Text mining Star Trek dialogue and classifying characters using machine learning

[This article was first published on Ronan's #TidyTuesday blog, and kindly contributed to R-bloggers]. (You can report issue about the content on this page here)
Want to share your content on R-bloggers? click here if you have a blog, or here if you don't.

Introduction

In this article, the Star Trek voice commands data set from the #TidyTuesday project is used to investigate character diction using text mining, and train a machine learning model to distinguish between people and computers in the data set. The techniques used in this article are taken from the following textbooks, both of which are freely available online:

  1. Text Mining with R
  2. Supervised Machine Learning for Text Analysis in R

Setup

Loading the R libraries and data set.

# Loading libraries
library(tidytuesdayR) # For loading data set
library(textrecipes) # For adding tf-idf to recipies (step_tfidf)
library(tidyverse) # For the ggplot2, dplyr, forcats libraries
library(tidytext) # For text mining
library(glmnet) # For lasso model
library(tidymodels) # For various modelling libraries

# Loading data set
tt <- tt_load("2021-08-17")

    Downloading file 1 of 1: `computer.csv`

Most spoken words by prominent characters

The first graph plots the words most frequently used by prominent characters when talking to computers. They were chosen by selecting characters in the data set that appeared more than 150 times each.

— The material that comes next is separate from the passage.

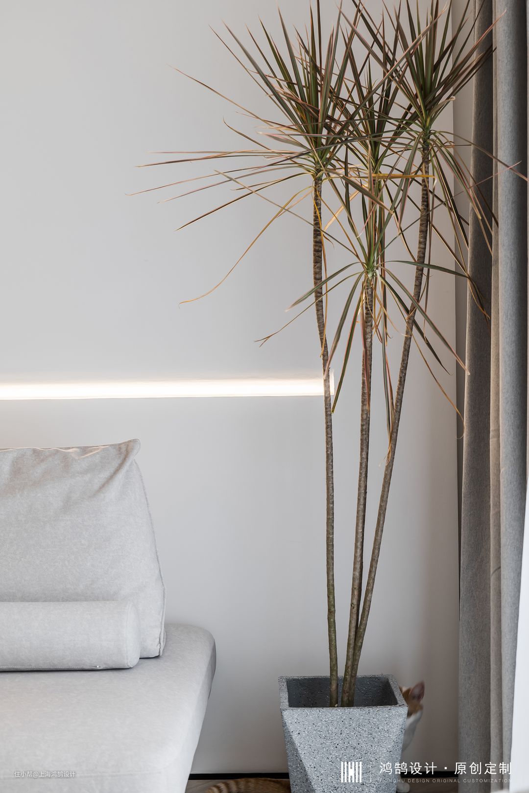 为了让这一块更有趣一些,用了一根常用在顶面上的天际线灯,在墙面上垂直使用,天际线灯的灯光打向圆弧的内凹面,氛围感特别有趣。

# Creating a vector of characters with most interactions with computers
chars_with_most_interactions <- tt$computer %>%
  filter(char_type != "Computer") %>% # Filtering out rows for computer lines
  count(char, sort = TRUE) %>% # Counting the number of rows for each character
  filter(n >= 150) %>% # Filtering out characters with under 150 lines
  pull(char) # Pulling the names of the characters as a vector

# Counting words spoken per character
character_words <- tt$computer %>%
  filter(char %in% chars_with_most_interactions) %>% # Selecting rows
  unnest_tokens(word, interaction) %>% # Creating a row per word in interaction
  anti_join(get_stopwords(), by = "word") %>% # Removing stop words
  count(char, word, sort = TRUE) # Counting words per character

# Plotting most spoken words per character
character_words %>%
  group_by(char) %>%
  slice_max(n, n = 15, with_ties = FALSE) %>%
  ungroup() %>%
  ggplot(aes(n, fct_reorder(word, n), fill = char)) +
  geom_col(show.legend = FALSE) +
  facet_wrap(~char, ncol = 2, scales = "free") +
  scale_fill_viridis_d() +
  theme_classic() +
  labs(title = "Words most frequently spoken by prominent characters",
       x = "Utterances", y = "Words")
The most frequently spoken word is `computer`.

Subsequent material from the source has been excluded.